**WHAT IS EXPECTED:** Nothing but the lines from the start of the data through the line with "跑车是不需要专门另考驾照的,只要是有c1驾驶证就能开跑车的。" should appear in the answer, each retyped exactly, and pictures should not.

[Stored dataset items]
[Start of section]
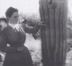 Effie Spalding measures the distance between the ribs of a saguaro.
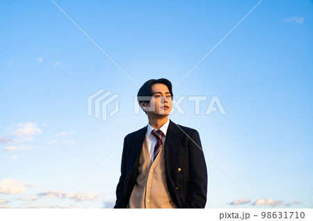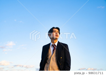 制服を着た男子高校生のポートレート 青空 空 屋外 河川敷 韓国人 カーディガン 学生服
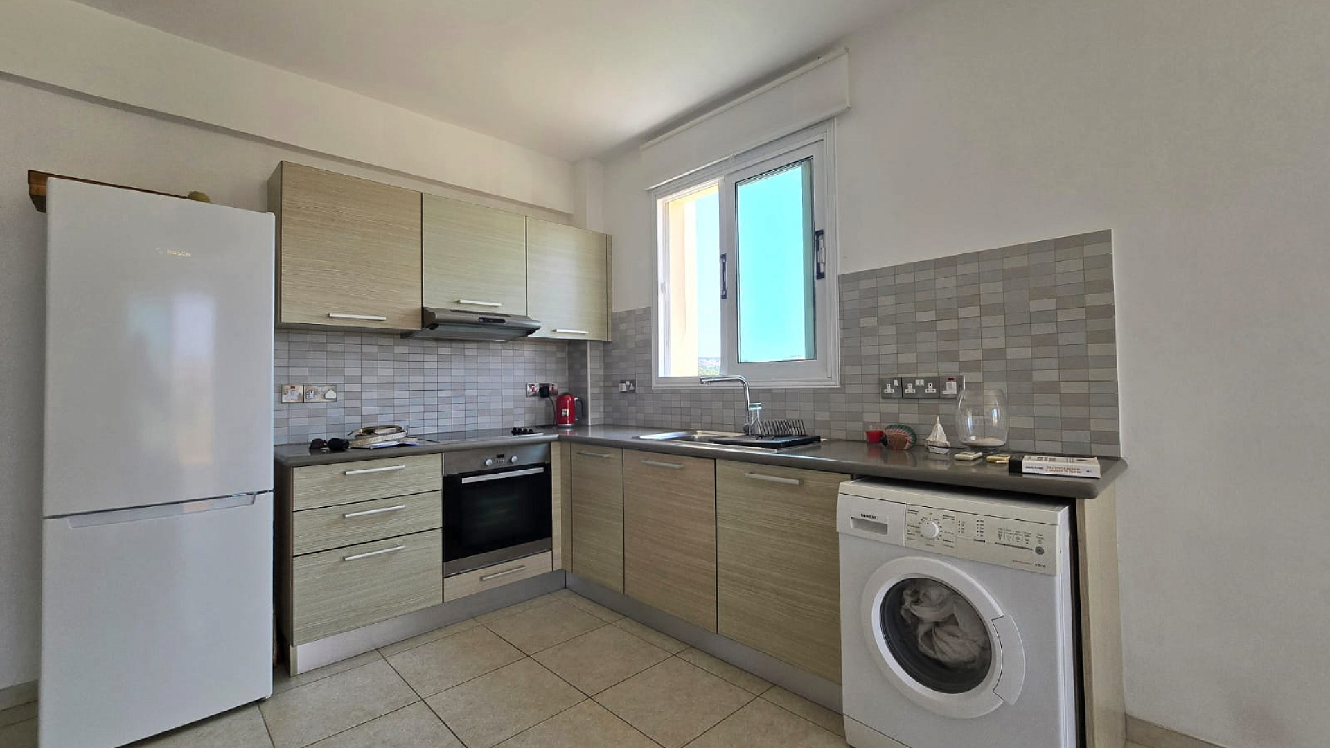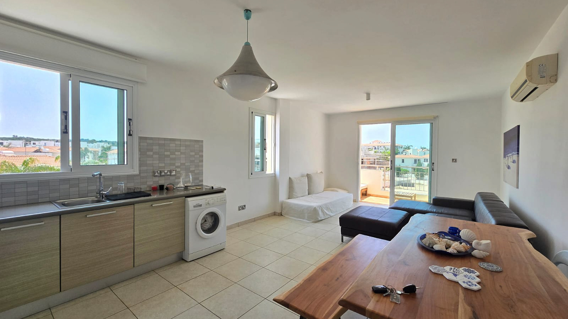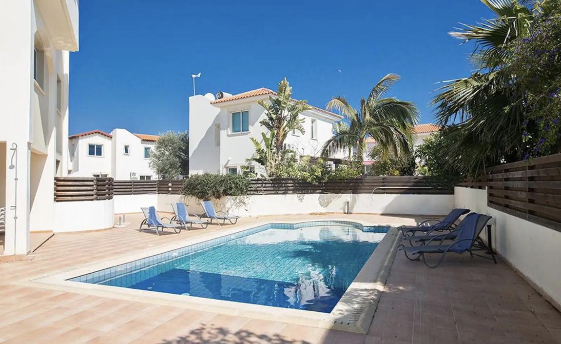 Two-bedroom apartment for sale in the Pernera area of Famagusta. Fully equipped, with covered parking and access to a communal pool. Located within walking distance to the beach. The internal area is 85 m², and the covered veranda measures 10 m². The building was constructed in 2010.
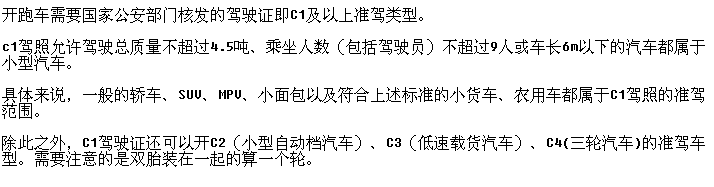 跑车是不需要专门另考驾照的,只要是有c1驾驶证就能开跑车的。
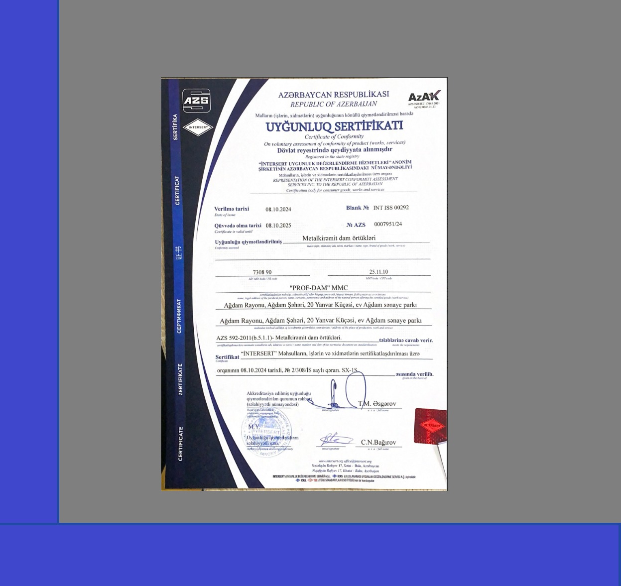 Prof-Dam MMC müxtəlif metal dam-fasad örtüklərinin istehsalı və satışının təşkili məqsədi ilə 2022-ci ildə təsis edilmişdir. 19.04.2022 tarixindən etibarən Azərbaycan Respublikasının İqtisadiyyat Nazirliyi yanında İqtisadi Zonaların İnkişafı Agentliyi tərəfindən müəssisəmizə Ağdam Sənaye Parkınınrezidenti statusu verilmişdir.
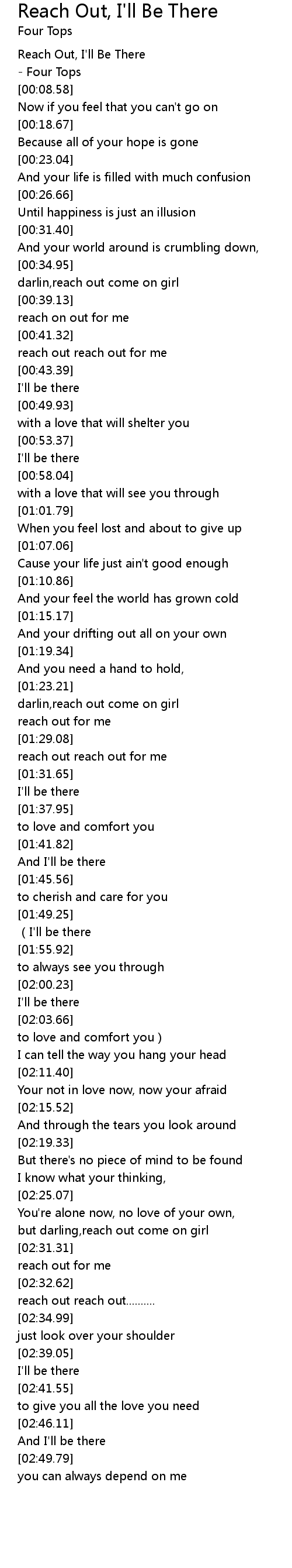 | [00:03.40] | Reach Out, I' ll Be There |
[End of section]
**THE ANSWER:**
 Effie Spalding measures the distance between the ribs of a saguaro.
 制服を着た男子高校生のポートレート 青空 空 屋外 河川敷 韓国人 カーディガン 学生服
 Two-bedroom apartment for sale in the Pernera area of Famagusta. Fully equipped, with covered parking and access to a communal pool. Located within walking distance to the beach. The internal area is 85 m², and the covered veranda measures 10 m². The building was constructed in 2010.
 跑车是不需要专门另考驾照的,只要是有c1驾驶证就能开跑车的。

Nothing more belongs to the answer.